What the task requires >> Line by line, repeat the data below exactly, beginning at the first line and ending at the line with "Selecting the Lamination Type". Omit pictures.

Collected data >>
----------------
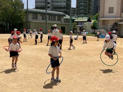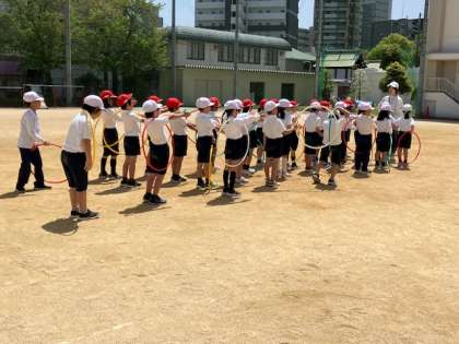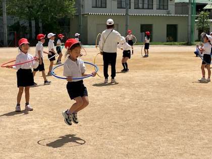 2年生の体育の授業。2年生もフラフープをしています。やはり1年間の成長で、レベルがずいぶんと高くなっています。
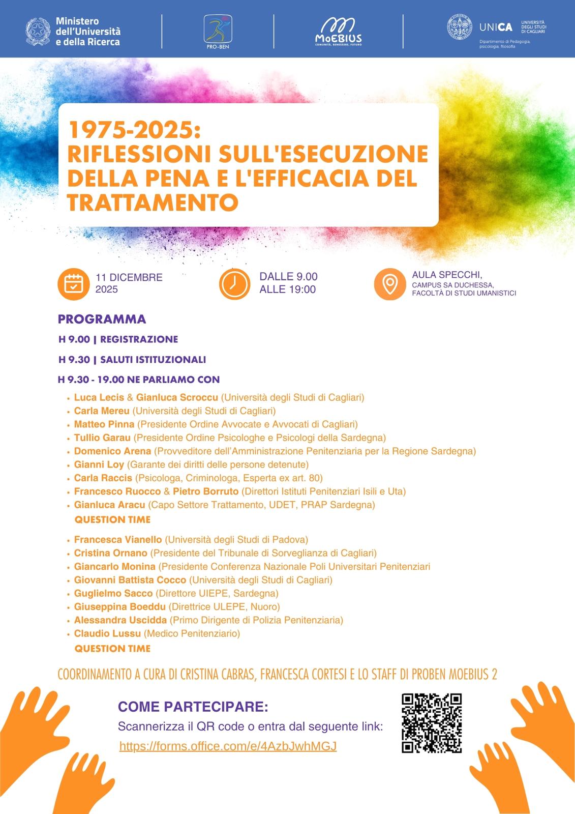 1975-2025: RIFLESSIONI SULL'ESECUZIONE DELLA PENA E L'EFFICACIA DEL TRATTAMENTO Giovedì 11 Dicembre 2025 dalle ore 09:00 alle ore 19:00 AULA SPECCHI Campus Sa Duchessa Facoltà di Studi Umanistici
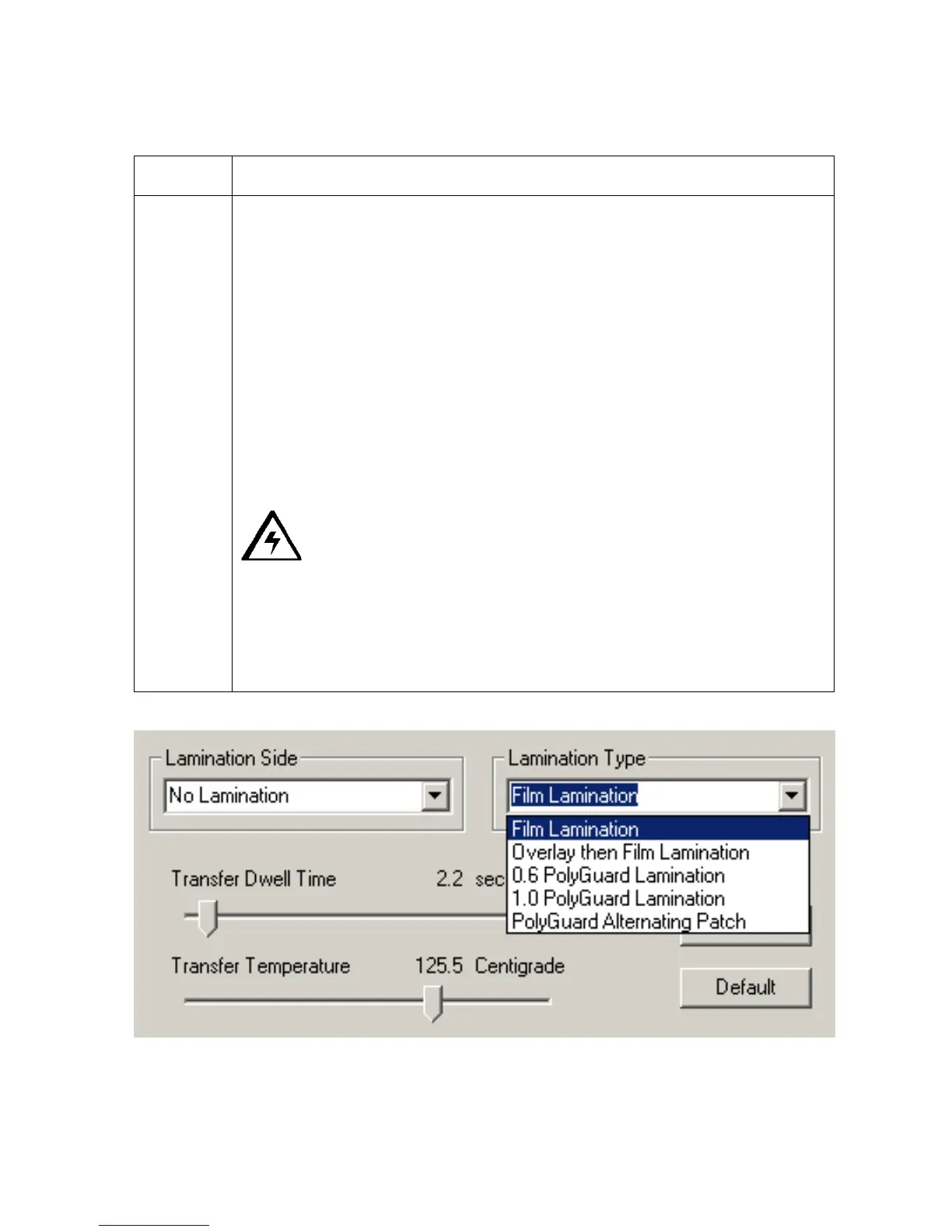 Selecting the Lamination Type
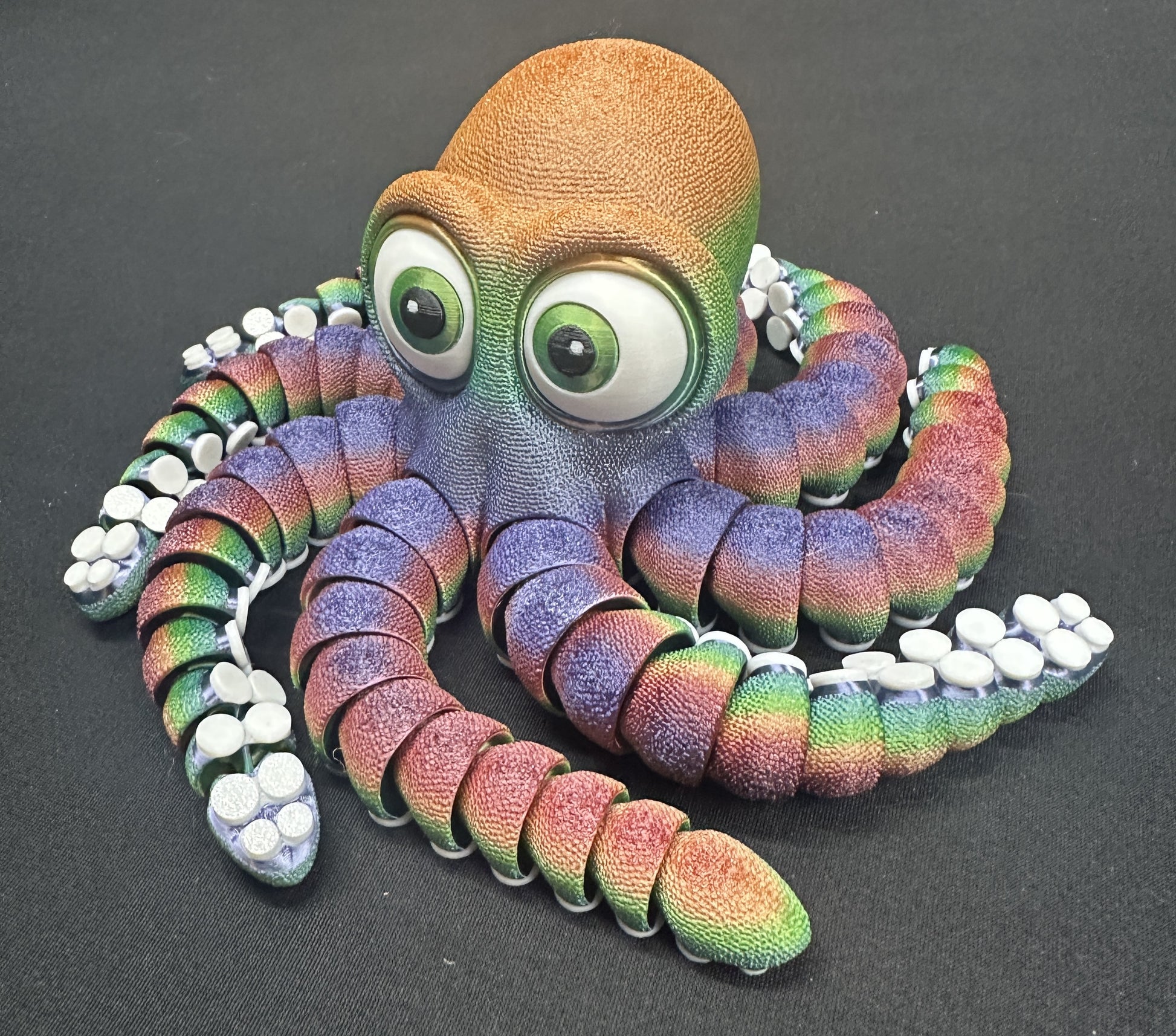 Flexi Octopus - Super Articulated with magnets in every sucker! We didn't skimp when printing these, the surface is highly textured, in brilliant colors and rainbows, with over 175 magnets in each Octopus!
----------------
Exercise answer >>
 2年生の体育の授業。2年生もフラフープをしています。やはり1年間の成長で、レベルがずいぶんと高くなっています。
 1975-2025: RIFLESSIONI SULL'ESECUZIONE DELLA PENA E L'EFFICACIA DEL TRATTAMENTO Giovedì 11 Dicembre 2025 dalle ore 09:00 alle ore 19:00 AULA SPECCHI Campus Sa Duchessa Facoltà di Studi Umanistici
 Selecting the Lamination Type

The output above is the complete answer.